Opinion: Why the S&P 500 Could Gain Another 10% from its Previous High
U.S. stock market often moves higher after overcoming a correction
It’s official: The U.S. stock market’s early-2018 correction has now been completely erased.
That doesn’t resolve all issues facing investors, of course. The future remains just as unknowable as before. But the market’s latest achievement does mean that we can no longer debate whether the January stock market highs represented the end of the bull market.
It most certainly did not. Someone who invested a lump sum in the stock market on Jan. 26 — the date of the early-2018 high — is now in the black. (This as judged by the dividend-adjusted Wilshire 5000 index, which represents the combined market cap of all publicly-traded stocks — see chart, below.)
July 25 was the day on which the dividend-adjusted Wilshire 5000 index eclipsed its previous high, which means that the stock market spent six months in the purgatory of not knowing whether a new bear market had started.

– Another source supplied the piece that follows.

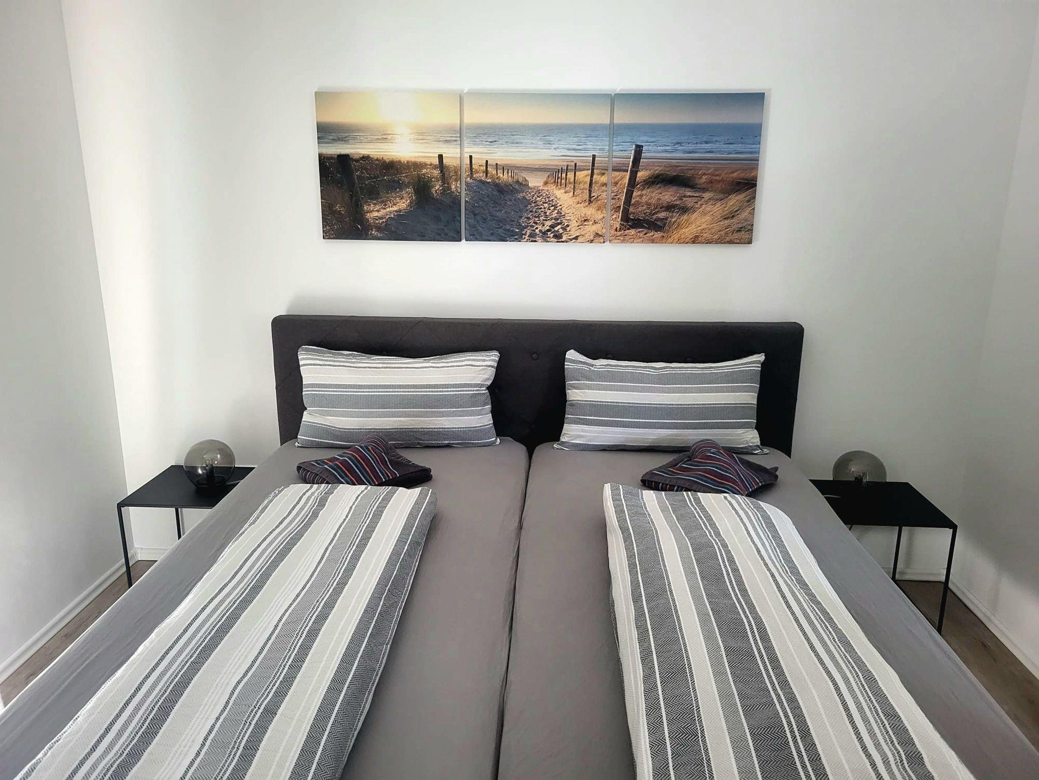 - 1x Schlafzimmer unten mit Doppelbett 180x200, Flachbildfernseher, eine Kommode und zwei Kleiderständern

Counting from the Feb. 8 correction low, the stock market’s recovery time was five and one-half months. According to CFRA strategist Sam Stovall, this is only slightly longer than the five-month average recovery time of all corrections since World War II.
The early-2018 correction and subsequent recovery were entirely average.
The bottom line, therefore: The early-2018 correction and subsequent recovery were entirely average. That’s something to think about in light of the huge amount of ink spilled over the last six months about what might have caused the market’s pullback and what it meant for the future. Was it just a lot of sound and fury signifying nothing?
One mild surprise is that the market-timing community has been slow to jump back on the bullish bandwagon. This is encouraging from a contrarian point of view, suggesting that there is a healthy level of skepticism out there about the market’s rally.
After all, the normal pattern is for bullish sentiment to rise and fall more or less in lockstep with the market itself. So, other things being equal, we’d expect to see bullish sentiment over the last week to have risen to the same level it was at the January highs.
It’s not, as I outlined in my column last week. That’s why, as I reported in that column, the bull market has, at a minimum, a short-term lease on life.
The market often, though not always, continues higher after overcoming a correction.
How much higher can we expect the market to rise, now that it has overcome the last-six-months’ correction? Contrarian analysis doesn’t offer any insight, since it instead recommends that we instead let the sentiment indices tell their story as it unfolds. But Stovall says that the market often, though not always, continues higher after overcoming a correction.
“Encouragingly,” he wrote recently to clients, “History says, but does not guarantee, that the S&P 500 SPX could advance another 10% beyond the prior high before slipping into another decline of 5% or more.”